We have our user module:

lib/user/index.js

let models = require('../../models');

exports.createUser = (userData = {}, transaction) => {
    // do some stuff here like hash their password, etc

    let txn = (!!transaction ? { transaction: transaction } : {});
    return models.User.create(userData, transaction);
};

And our company module:

lib/company/index.js

let models = require('../../models');

exports.createCompany = (companyData = {}, transaction) => {
    // do some other prep stuff herelet txn = (!!transaction ? { transaction: transaction } : {});
    return models.Company.create(companyData, txn);
};

And now we have our service that combines the two:

services/account/index.js


const User = require('../../lib/user');
const Company = require('../../lib/company');

let models = require('../../models');

exports.registerUserAndCompany = (data = { user: {}, company: {} }) => {

    return models.sequelize.transaction()
    .then((t) => {
        return Company.createCompany(data.company, t)
        .then((company) => {
            let user = data.user;
            user.company_id = company.get('id');

            return User.createUser(user, t);
        })
        .then((user) => {
            return t.commit()
            .then(() => user);
        })
        .catch((err) => {
            t.rollback();
            throw err;
        });
    });
};

By doing things this way, it doesnt matter if the user or company are created in the same transaction, or even the same request, or even if a company is created at all. For example, what if we wanted to create a user, adding them to an existing company? We can either add another function to our account service, or our route handler could call our user module directly since it would already have the company_id in the request payload.

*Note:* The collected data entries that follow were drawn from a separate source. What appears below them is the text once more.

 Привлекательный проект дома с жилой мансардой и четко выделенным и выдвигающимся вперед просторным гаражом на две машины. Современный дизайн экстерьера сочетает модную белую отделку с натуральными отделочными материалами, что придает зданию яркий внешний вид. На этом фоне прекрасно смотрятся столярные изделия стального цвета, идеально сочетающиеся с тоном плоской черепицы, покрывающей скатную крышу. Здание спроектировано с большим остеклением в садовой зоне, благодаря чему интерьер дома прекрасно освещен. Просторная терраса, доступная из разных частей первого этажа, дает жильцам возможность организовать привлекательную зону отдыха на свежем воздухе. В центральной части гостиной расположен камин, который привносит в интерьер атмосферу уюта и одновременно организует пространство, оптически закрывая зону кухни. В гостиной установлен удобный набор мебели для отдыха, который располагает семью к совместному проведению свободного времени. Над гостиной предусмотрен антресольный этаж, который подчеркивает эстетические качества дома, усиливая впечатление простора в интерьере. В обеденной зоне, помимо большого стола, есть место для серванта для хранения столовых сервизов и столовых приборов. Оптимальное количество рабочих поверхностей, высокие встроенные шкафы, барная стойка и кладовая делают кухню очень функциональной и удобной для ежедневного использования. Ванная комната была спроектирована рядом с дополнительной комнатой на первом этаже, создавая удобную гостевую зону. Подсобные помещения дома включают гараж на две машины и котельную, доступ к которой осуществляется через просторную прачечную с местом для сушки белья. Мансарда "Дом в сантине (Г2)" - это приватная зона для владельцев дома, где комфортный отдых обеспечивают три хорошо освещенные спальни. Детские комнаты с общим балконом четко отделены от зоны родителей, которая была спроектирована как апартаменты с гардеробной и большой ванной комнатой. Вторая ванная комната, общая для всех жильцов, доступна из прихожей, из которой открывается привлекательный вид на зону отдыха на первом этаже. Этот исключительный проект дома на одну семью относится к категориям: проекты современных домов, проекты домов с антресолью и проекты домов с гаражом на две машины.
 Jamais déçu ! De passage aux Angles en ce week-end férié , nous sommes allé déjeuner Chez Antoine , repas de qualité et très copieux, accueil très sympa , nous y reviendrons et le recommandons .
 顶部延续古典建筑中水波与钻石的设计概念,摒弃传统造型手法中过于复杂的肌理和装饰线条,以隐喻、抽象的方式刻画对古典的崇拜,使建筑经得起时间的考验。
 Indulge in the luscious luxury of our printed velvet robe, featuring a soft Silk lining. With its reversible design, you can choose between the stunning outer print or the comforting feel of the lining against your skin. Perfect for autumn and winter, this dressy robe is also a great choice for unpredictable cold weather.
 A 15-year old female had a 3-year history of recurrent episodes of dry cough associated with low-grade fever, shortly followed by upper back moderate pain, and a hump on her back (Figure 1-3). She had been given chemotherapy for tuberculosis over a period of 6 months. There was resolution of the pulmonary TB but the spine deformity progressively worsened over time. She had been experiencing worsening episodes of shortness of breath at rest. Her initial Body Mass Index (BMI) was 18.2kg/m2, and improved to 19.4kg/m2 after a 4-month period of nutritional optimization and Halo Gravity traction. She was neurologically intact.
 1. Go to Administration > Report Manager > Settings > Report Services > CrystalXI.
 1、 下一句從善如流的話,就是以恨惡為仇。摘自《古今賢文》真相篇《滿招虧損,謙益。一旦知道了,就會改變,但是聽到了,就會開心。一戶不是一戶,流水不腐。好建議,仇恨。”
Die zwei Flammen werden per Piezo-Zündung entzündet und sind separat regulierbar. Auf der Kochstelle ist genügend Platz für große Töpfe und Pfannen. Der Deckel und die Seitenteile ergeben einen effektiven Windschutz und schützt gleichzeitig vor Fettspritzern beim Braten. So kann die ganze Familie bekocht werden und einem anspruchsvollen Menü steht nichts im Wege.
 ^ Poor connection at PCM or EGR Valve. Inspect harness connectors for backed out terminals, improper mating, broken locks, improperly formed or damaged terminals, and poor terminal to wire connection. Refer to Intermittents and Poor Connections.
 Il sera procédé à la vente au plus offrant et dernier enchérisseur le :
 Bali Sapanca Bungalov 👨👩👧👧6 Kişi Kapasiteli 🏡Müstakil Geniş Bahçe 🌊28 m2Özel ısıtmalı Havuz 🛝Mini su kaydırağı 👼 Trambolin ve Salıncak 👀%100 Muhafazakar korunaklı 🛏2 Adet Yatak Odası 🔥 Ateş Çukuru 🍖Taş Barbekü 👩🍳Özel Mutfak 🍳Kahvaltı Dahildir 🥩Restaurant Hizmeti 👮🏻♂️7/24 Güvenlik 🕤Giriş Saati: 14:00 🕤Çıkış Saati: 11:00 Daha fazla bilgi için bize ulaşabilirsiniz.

My app has grown; I NEED microservices!

Thats great! However, you can still build microservices without breaking apart your monolithic repository (at least until you absolutely need to due to team sizes, iteration speed, etc). Our goal from the beginning was to structure our application in a way that was modular and composeable. This means that there is nothing wrong with creating new executables that simply use your monolith as a central library. This way, everything remains in the same repository and services all share the same identical modules. You've essentially created a core library that you can build things on top of.

The only overhead when deploying things is the potential duplication of your repository across services. If you're using something like Docker, which has file system layering, or rkt containers which also do some file magic to cache things, then you can actually share the single repository and simple execute whichever service you need and that overhead potentially decreases.